Gut bacteria are central to human health. They are a key player in contributing to immune regulation, pathogen protection, food and drug metabolism, and vitamin synthesis. Another supporting actor in the gut, however, are bacteriophages or short phages. Despite of their extremely high abundance they have been relatively unexplored.
Researchers expect that phages play essential roles in maintaining the gut homeostasis via regulating the complex microbial networks in this habitat – so do Li Deng and Mohammadali Khan Mirzaei from the Institute of Virology at Helmholtz Zentrum München who have dedicated a great part of their research on phages. Improving our understanding of how phages regulate microbial networks in the human body might pave the way for the development of novel phage-based therapeutics. These could be used for re-establishing of health in diseases associated with gut dysbiosis or treating complicated infections by multi-resistant bacteria – a growing threat to health worldwide.
In a short interview, Li and Mohammadali give insight into the latest developments of their research.
Why should we learn more about gut phages?
Li: Phages are viruses which use bacteria as their hosts. They are probably the most abundant, most diverse, and most undescribed members of every ecosystem. The human gut is not an exception. In the environment, phages play a significant role by shaping the microbial diversity and abundance, even reprogramming the bacterial metabolism. We gain more and more evidence that phages play a similar role in the human body. Also, as phages can infect and eradicate host bacteria, they have attracted a lot of attention for therapeutic applications.
You had developed a novel technology to identify host-phage relationships called ‘viral tagging’. What is it about?
Li: Viral tagging is a high-throughput culture-free method to study phage-bacteria interactions on a single-cell level. It is a very complex technology but it allows us to distinguish the bacteria and the attached phages from non-infected cells and phages.
What did you discover using viral tagging?
Li: We discovered 363 unique bacteria-phage pairings in the human gut – most of them were novel gut phages infecting known bacterial hosts. Together with Phil Hugenholtz’s group at the Australian Centre for Ecogenomics we found that the majority of the bacterial hosts are targeted by more than one phage. This reveals how complex bacteria-phage interactions in the human gut are! What is also interesting, is that we found infection patterns of previously unknown phages which infect bacteria producing butyrate, a preferred energy sources for epithelial cells. A lack of those specific bacteria has been previously correlated with multiple diseases including type 2 diabetes.

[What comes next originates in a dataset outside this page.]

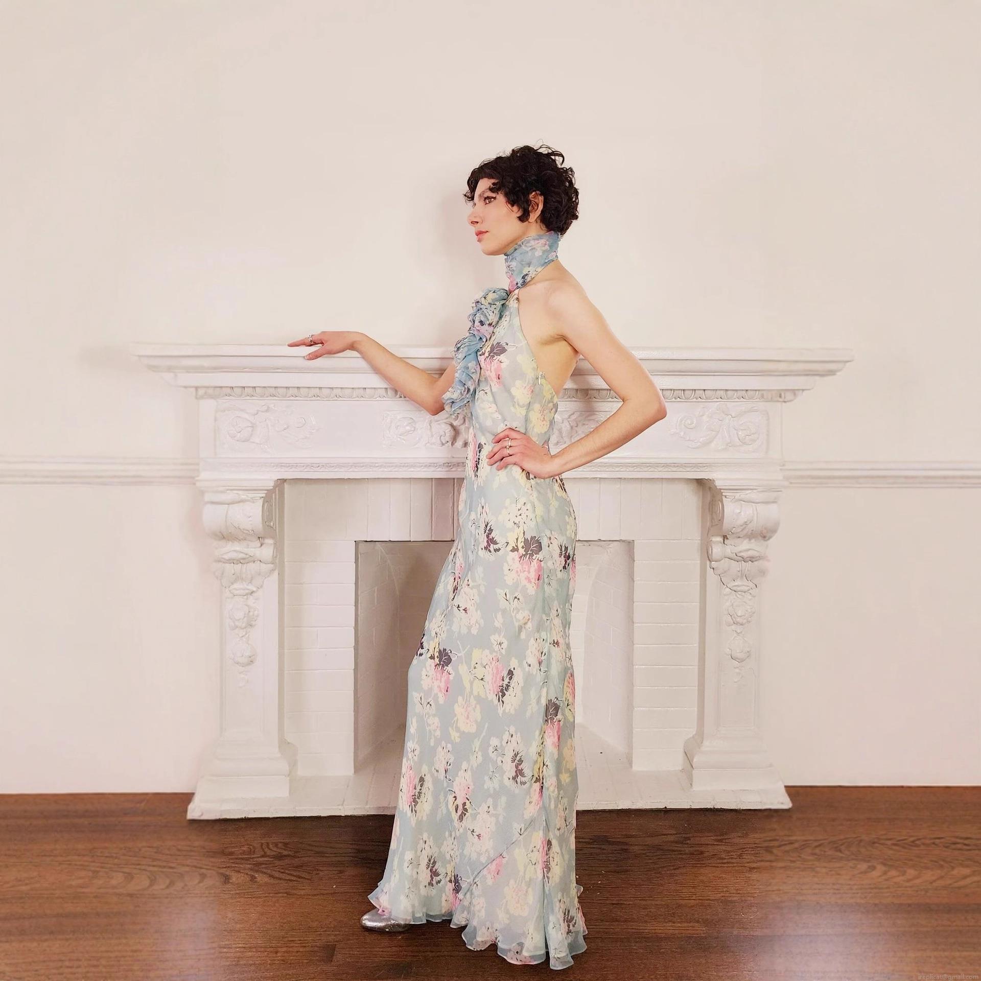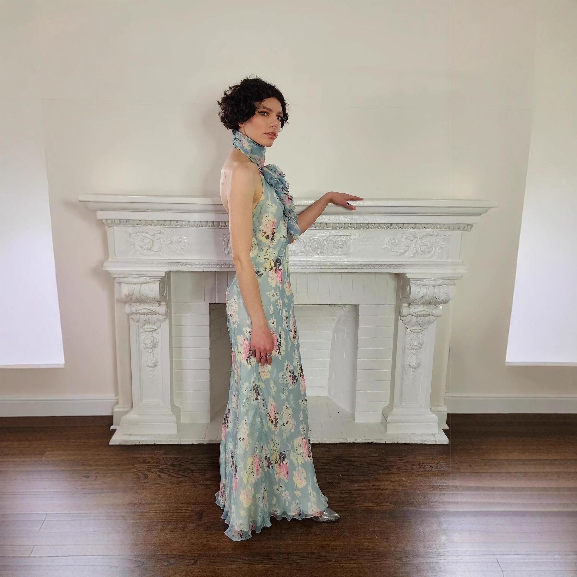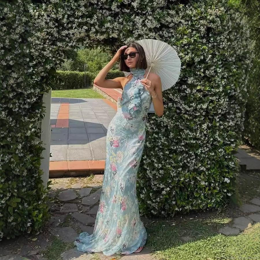 • Women's Maxi Dress French Vintage Floral Halter Neck Sleeveless Ruffle High Waist Chiffon Flowy Long Dress Summer Party Vacation Elegant Sundress
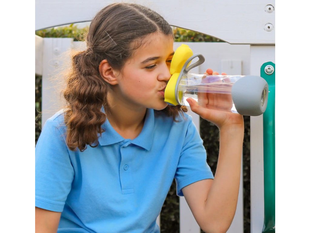 Rodiče ocení hygienické uzavírání víčka. Lahvička, pokud je zavřená, je netekoucí. Flexibilní silikonové držátko je pro děti skvělé, ať už nesou lahvičku do školy nebo na trénink. Lahvička je vyrobena z Tritanu™, je tedy lehká a odolná. Minimum komponentů umožňuje lahev snadno čistit.

Phages might become an efficient tool to treat multiple diseases by manipulating the human microbiota. Can you explain more?
Mohommadali: That is correct. One example we had a closer look at is stunting disease. Stunting is a severe growth impairment. It affects 22 per cent of children under the age of 5 years, mostly in countries where kids do not have regular access to nutrient-rich or nutrient-balanced foods. We already knew that there is a correlation between an alteration in the gut microbiota and stunting. However, despite these links, the role of phages in stunting was not explored yet. In a multi-institutional collaboration led by Corinne Maurice at McGill University Canada we found that stunted children actually showed distinct gut phages compared to non-stunted ones. In vitro, we saw that these specific phages can regulate abundance and composition of bacteria associated with stunting. This is why we expect a role of phages in the pathophysiology of child stunting. Also, we observed different bacteria-phage interactions in dependent on the age of the child. It will be crucial to learn more about these interactions and age-specific effects. Ultimately, our goal is to refine an intervention window for a potential phage-based treatment for stunting in the future.
According to you, what are the next essential steps in phage research?
Li: There is a lot we still don't know about phages, most of all their interactions with their bacterial hosts in the clinical context. With the advances in single-cell technologies and by joining forces with clinicians, we expect to get closer in understanding the complex phage-hosts interactions in near future. This is central to the success of personalized, phage-based therapeutics. It might help us to intervene the complex bacterial ecosystem in case of disease and engineer the microbiome to become a healthier one. Also, phages might be the key to treat antibiotic-resistant bacterial infections.